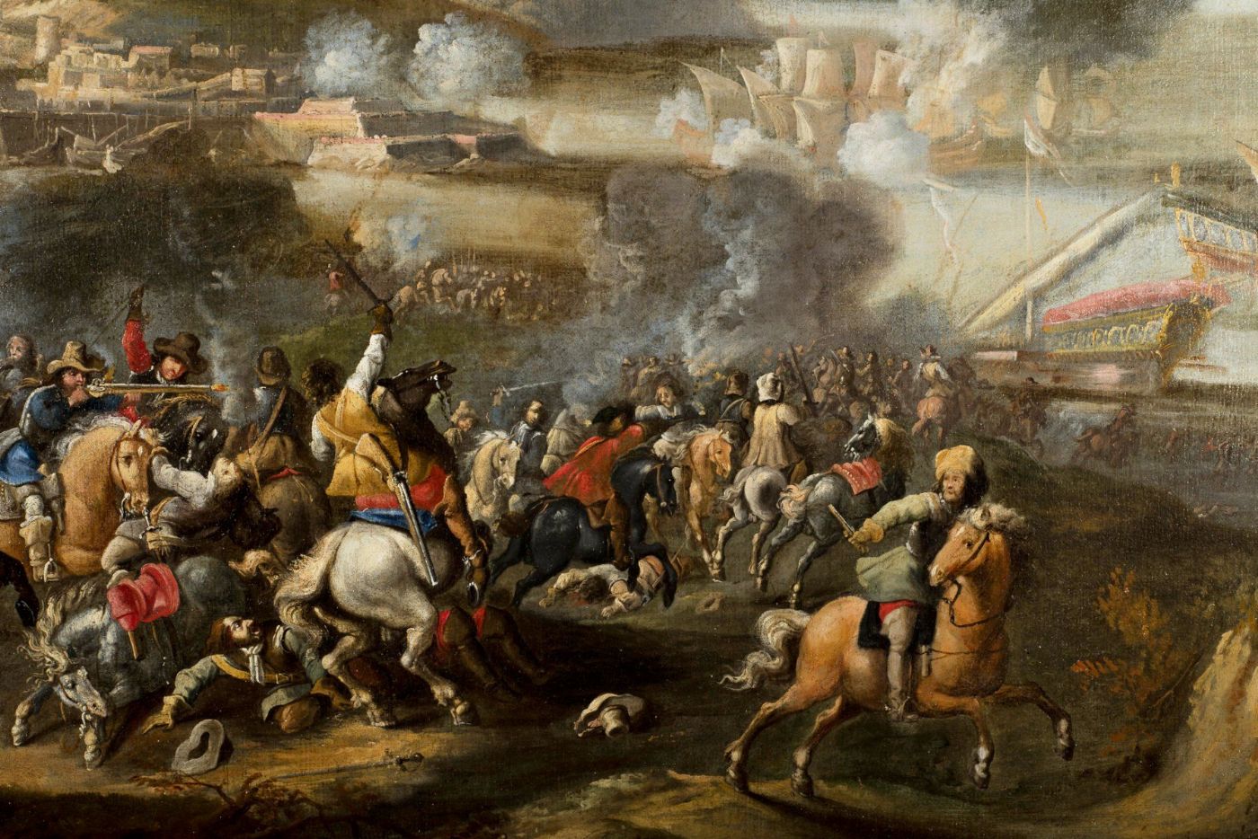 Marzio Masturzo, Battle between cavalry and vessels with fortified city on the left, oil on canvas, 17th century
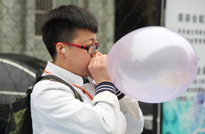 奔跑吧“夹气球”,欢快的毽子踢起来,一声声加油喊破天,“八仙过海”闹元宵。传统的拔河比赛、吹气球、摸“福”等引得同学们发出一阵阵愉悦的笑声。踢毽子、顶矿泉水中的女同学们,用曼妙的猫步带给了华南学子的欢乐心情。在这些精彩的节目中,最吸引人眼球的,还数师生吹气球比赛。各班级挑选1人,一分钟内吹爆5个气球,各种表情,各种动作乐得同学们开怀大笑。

---

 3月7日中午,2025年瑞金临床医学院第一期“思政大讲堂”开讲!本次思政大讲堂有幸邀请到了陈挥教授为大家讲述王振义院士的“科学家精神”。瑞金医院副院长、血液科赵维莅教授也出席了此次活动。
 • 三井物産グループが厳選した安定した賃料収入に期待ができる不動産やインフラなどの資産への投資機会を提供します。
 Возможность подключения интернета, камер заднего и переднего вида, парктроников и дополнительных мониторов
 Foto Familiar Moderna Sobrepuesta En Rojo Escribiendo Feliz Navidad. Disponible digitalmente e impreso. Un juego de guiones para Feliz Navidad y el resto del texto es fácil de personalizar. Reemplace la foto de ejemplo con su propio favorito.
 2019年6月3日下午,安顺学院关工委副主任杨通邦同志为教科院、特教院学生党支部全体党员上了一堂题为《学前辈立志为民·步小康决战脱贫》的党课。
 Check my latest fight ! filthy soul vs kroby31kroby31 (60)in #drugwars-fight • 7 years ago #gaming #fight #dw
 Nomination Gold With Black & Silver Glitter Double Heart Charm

● Task objective
Begin at the line above that has "2019年6月3日下午,安顺" and stop after the line that has "Nomination Gold With", copying each line exactly and adding nothing else.

● Result
 2019年6月3日下午,安顺学院关工委副主任杨通邦同志为教科院、特教院学生党支部全体党员上了一堂题为《学前辈立志为民·步小康决战脱贫》的党课。
 Check my latest fight ! filthy soul vs kroby31kroby31 (60)in #drugwars-fight • 7 years ago #gaming #fight #dw
 Nomination Gold With Black & Silver Glitter Double Heart Charm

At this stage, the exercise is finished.